Task to carry out:
Would you copy the lines below exactly and omit the images?

====== Listed entries ======

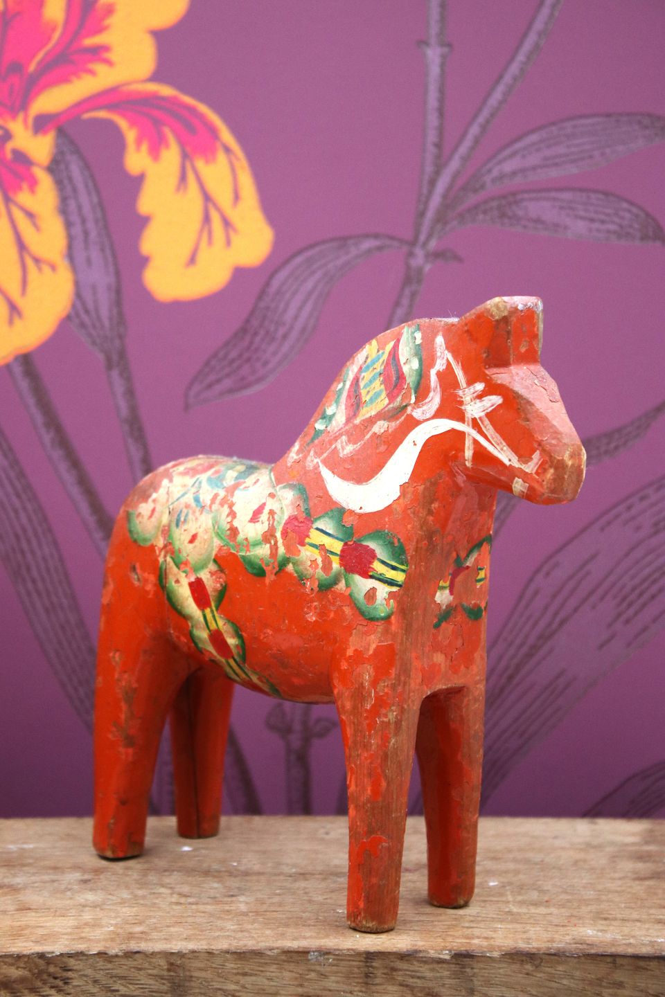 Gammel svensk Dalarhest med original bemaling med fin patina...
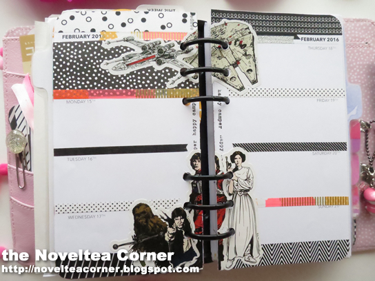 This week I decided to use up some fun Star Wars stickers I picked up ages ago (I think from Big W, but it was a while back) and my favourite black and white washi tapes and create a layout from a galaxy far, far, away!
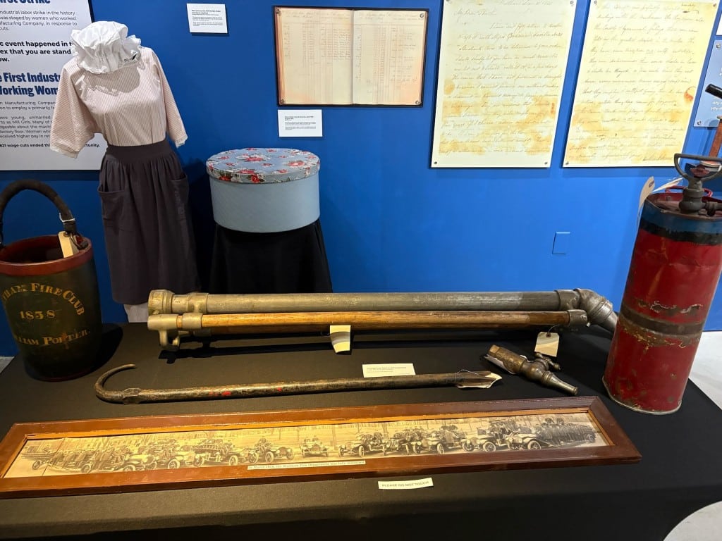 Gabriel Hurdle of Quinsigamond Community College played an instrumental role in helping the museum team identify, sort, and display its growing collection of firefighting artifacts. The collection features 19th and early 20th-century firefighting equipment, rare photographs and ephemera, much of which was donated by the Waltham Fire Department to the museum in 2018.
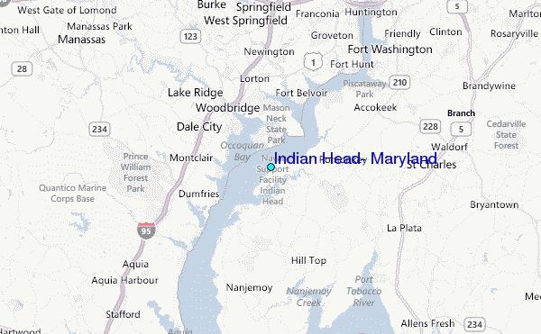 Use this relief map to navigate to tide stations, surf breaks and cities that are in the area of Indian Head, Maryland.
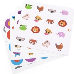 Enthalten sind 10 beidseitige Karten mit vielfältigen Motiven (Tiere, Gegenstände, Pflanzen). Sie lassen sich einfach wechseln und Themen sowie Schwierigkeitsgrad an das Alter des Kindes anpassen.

======

Exercise response:
 Gammel svensk Dalarhest med original bemaling med fin patina...
 This week I decided to use up some fun Star Wars stickers I picked up ages ago (I think from Big W, but it was a while back) and my favourite black and white washi tapes and create a layout from a galaxy far, far, away!
 Gabriel Hurdle of Quinsigamond Community College played an instrumental role in helping the museum team identify, sort, and display its growing collection of firefighting artifacts. The collection features 19th and early 20th-century firefighting equipment, rare photographs and ephemera, much of which was donated by the Waltham Fire Department to the museum in 2018.
 Use this relief map to navigate to tide stations, surf breaks and cities that are in the area of Indian Head, Maryland.
 Enthalten sind 10 beidseitige Karten mit vielfältigen Motiven (Tiere, Gegenstände, Pflanzen). Sie lassen sich einfach wechseln und Themen sowie Schwierigkeitsgrad an das Alter des Kindes anpassen.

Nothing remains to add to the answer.